About Incept Holdings
Incept uses investments in traditional areas such as resources and industry and access to non-traditional finance to fund disruptive innovations. Incept has a growing portfolio of early-stage disruptive companies in areas ranging from clean energy, medicine, new materials and carbon credits. Non-traditional finance can include bond financing, underwriting, cryptocurrencies and block chain.
Disruptive innovation is a term in the field of business administration which refers to an innovation that creates a new market and value network and eventually disrupts an existing market and value network, displacing established market leading firms, products, and alliances.
Incept believes in pursuing large ambitions and focusing on long-term growth over short-term profitability. Incept believes that founders are best positioned to lead their start-ups, and that they should retain substantial equity and control and is focussed on building businesses that can dominate across multiple geographies.
A financing diagram illustrating how start-up companies are typically financed. First, the new firm seeks out “seed capital” and funding from “angel investors” and accelerators. Then, if the firm can survive through the “valley of death”–the period where the firm is trying to develop on a “shoestring” budget–the firm can seek venture capital financing. Incept provides the funding for start-up companies until their IPO.

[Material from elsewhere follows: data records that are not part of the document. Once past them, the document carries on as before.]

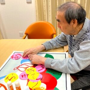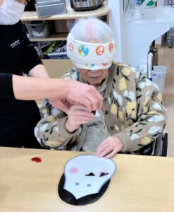 と、入居者様と職員でワイワイ相談しながら飾りつけが始まりました。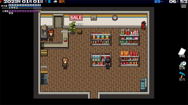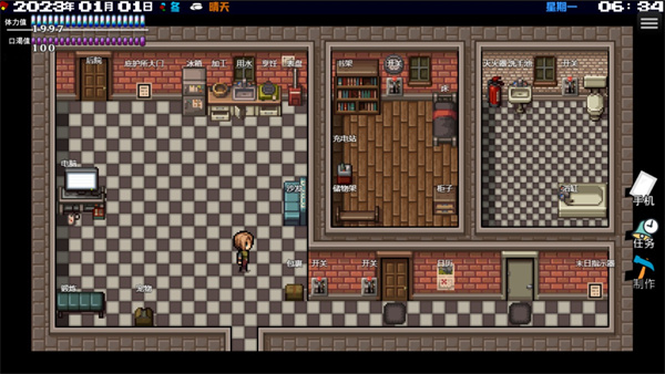 2. **注意健康与安全**:锻炼可以提高健康值,小诊所可以提供抗生素和治疗服务。同时,要注意疲劳值,及时回家睡觉或使用睡袋恢复体力。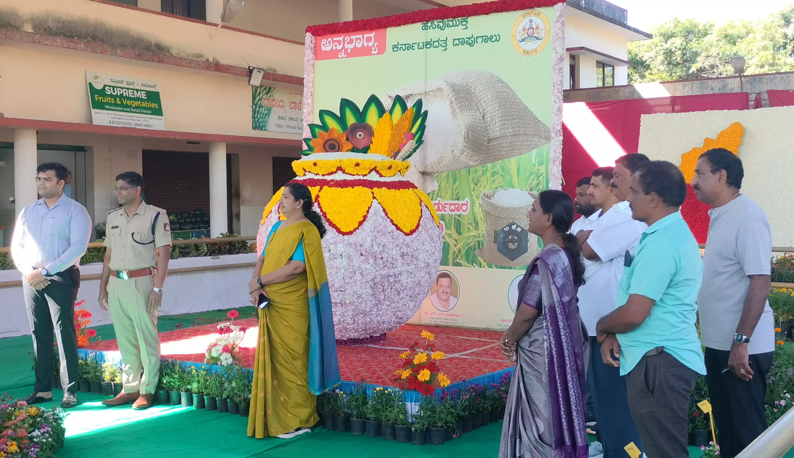 ಅನ್ನಭಾಗ್ಯದ ಅಕ್ಷಯ ಪಾತ್ರೆಗೆ ಹೂವಿನ ಅಲಂಕಾರ ಮಾಡಲಾಗಿದ್ದರೆ, ಯುವ ನಿಧಿ ಯೋಜನೆ ಮುಂದೆ ಪದವೀಧರನ ಮೂರ್ತಿ ಇದೆ. ವಿದ್ಯುತ್ ಬಲ್ಬ್ ಮಾದರಿಗೆ ಹೂವಿನ ಅಲಂಕಾರ ಗೃಹಜ್ಯೋತಿಯ ಸೂಚಕವಾದರೆ, ಶಕ್ತಿ ಯೋಜನೆ ಸಂಕೇತವಾಗಿ ಕೆಂಪು ಸರಕಾರಿ ಬಸ್, ಗೃಹಲಕ್ಷ್ಮೀ ಯೋಜನೆಯಲ್ಲಿ ಮಹಿಳೆ ಎದುರು ನೋಟಿನ ಕಂತೆ ... ರಾಜ್ಯ ಸರಕಾರದ ಪಂಚ ಗ್ಯಾರಂಟಿಗಳನ್ನು ಪ್ರತಿಬಿಂಬಿಸುತ್ತಿವೆ.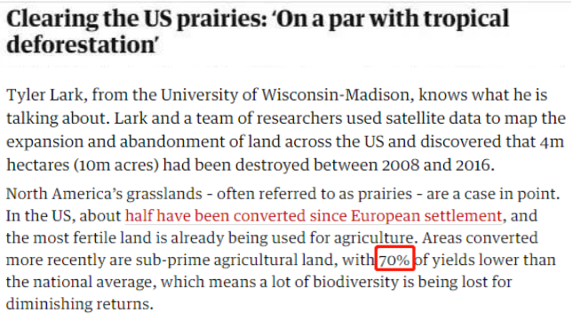 文章援引美國專家的研究成果指出,在2008年至2016年期間,美國有400萬公頃土地被毀。特別是美國對大草原的破壞性開發,“相當于對熱帶森林的亂砍濫伐”。這片曾經在世界上面積最大的草原現在大約一半已被用于農業。而最近開發的農業用地已經降級為次優等級,其農業產量比全國平均水平低70%。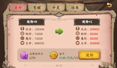 坐骑进阶:提升英雄的攻击力、生命值、物理防御力以及魔法防御力。

The Importance of Diversification
Diversification is a technique that reduces risk by allocating investments among various financial instruments, industries, and other categories. It aims to maximize returns by investing in different areas that would each react differently to the same event.
Diversification mitigates risks in the event of an industry downturn. Diversification allows for more variety and options for products and services. If done correctly, diversification provides a tremendous boost to brand image and company profitability. Diversification can be used as a defense.